What needs to be done:
From the material below, give the number of lines that hold the string "Figure" and nothing further.

Task inputs:
■ ■ ■ ■

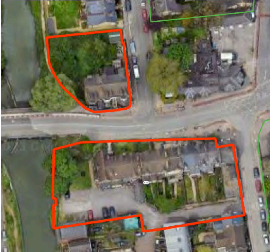
Figure 3.12: Sites Adjacent to the East of Osney Bridge, to the North and South of Botley Road (Site 613)
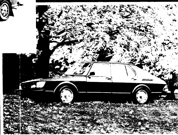
Saab 900 5 door GLs
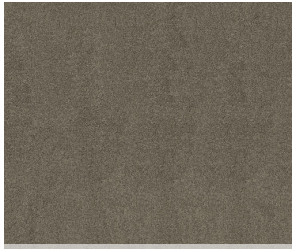
501 Grey Flannel
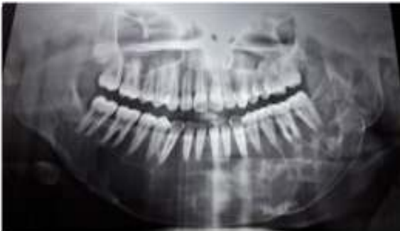
Figure 3: Panoramic radiograph (OPG) is showing the generalised multilocular radiolucency

Blood investigations, serum calcium, PTH level, serum phosphorus and alkaline phosphates levels were within the normal limits .
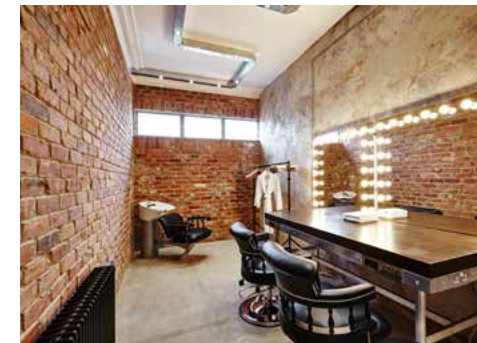
Makeup and Styling
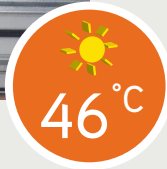
Surface Temperature Reading
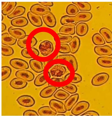
染色之白血球 (嗜異性球, Heterophil)
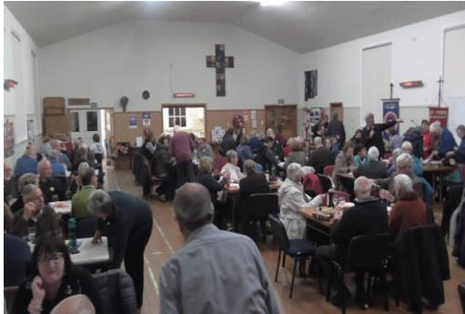
21 Competing tables

The Quiz night was a success. Alongside much enjoyment, a total of $1,500 was raised for the church restoration fund.
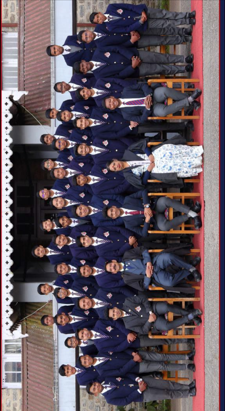
Bengali Society, 2022
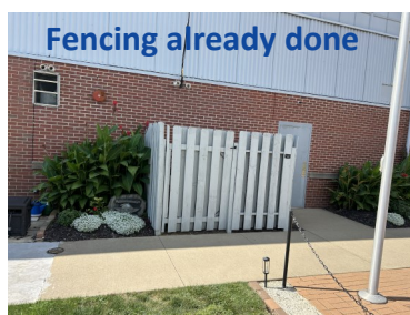
Fencing already done
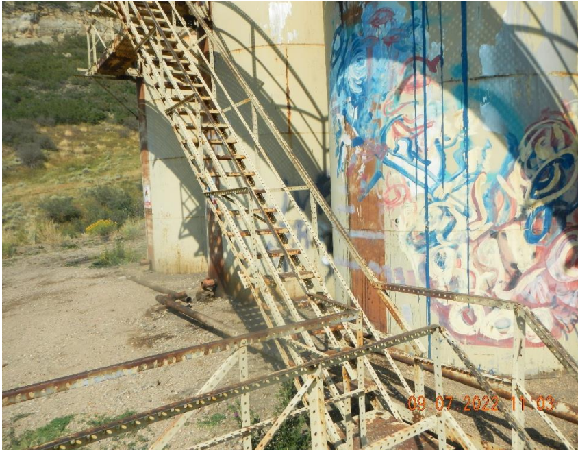
Tanks have painted on graffiti.

■ ■ ■ ■

Task output:
2